Lacking financial and popular support, the theater has no clear path forward. At the same time, it displays a palpable unease with how it might relate to what came before. Its two small exhibition tables are covered with dusty Soviet paraphernalia that appear random and lost, inviting neither nostalgia nor any particular historical interpretation. They are accompanied by amateurishly typed paper signs that read “We don’t try to return to the past, we are just remembering it,” as if apologizing for the theater’s very existence.8 There is no trace in this arbitrary presentation of the “marketing of memory”—what cultural critic Andreas Huyssen has discussed in relation to the global, often media-driven proliferation of memory narratives.9 Rather, the display betrays a profound uncertainty about what should be remembered and how, if at all.

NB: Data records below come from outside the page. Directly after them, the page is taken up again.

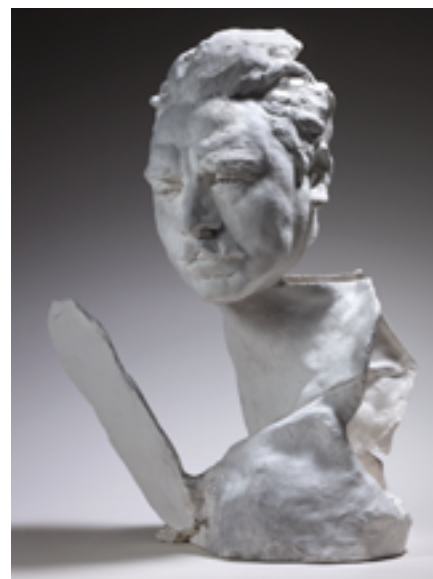
Henry Becque, tête sur cou de L'Ombre et panneau, après 1904, assemblage en plâtre, 70 x 46,5 x 47 cm, Paris, musée Rodin.

Rodin conservait aussi les fragments de corps en plâtre - les bras, les mains, les têtes - que l'on appelle des abattis et puisait dans ce stock pour élaborer ses assemblages. Les abattis sont un peu comme des « mots » et les œuvres de Rodin, qui les combinent, des « phrases ». C'est un art de la composition et de la décomposition puis de la recomposition traité à l'infini. De plus, les traces laissées par les outils, les accidents et les coutures du moule témoignent du processus créatif. L'effigie étrange née d'un buste d'Henry Becque rend compte de cette pratique franchement moderne !
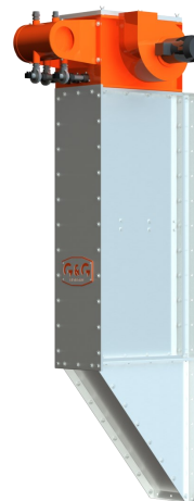
вертикално изпълнение на филтъра
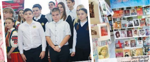
Падчас адкрыцця перасоўнай кніжнай выставы ў вёсцы Ліхавічы Іванаўскага раёна

In its aching material obsolescence and problematic historical presentation, the Circular Panorama constitutes an exceptional display within the VDNKh. While the exhibition center seeks to move adamantly forward, the theater cannot leave behind its past. This past, however, unfolds as an experience of the present, effectively activating Soviet history and placing visitors within it. But in the process, the panorama also generates an awkward sense of distance, an awareness that we look at these moving images and inhabit the structure itself from a perspective that was hardly foreseen in their production. Experiencing the immersion, one cannot help feeling out of place within the panorama’s represented world, because the future of these films’ imagination stands at absolute odds with the future that has in fact arrived. Nowhere does this become more pronounced than in the rare moments when one of the filmed Soviet citizens gazes directly into the camera, looking trustfully at the viewer, initiating direct contact and encouraging a sense of seamless transition between the historical past and the viewing present. Whom are these people from the film looking at? Is it their own contemporaries, reincarnated in the bodies of today’s spectators with help of the panorama’s immersive forms? Or is it viewers from a post-Soviet future of whose existence they likely never imagined? Past, present, and future unfold here in multiple forms, layered one over another, impossible to separate. The result is a simultaneous production and disturbance of just the sort of historical contiguity the VDNKh as a whole seeks: both the seamless integration and the uneasy separation of past image and present circumstance.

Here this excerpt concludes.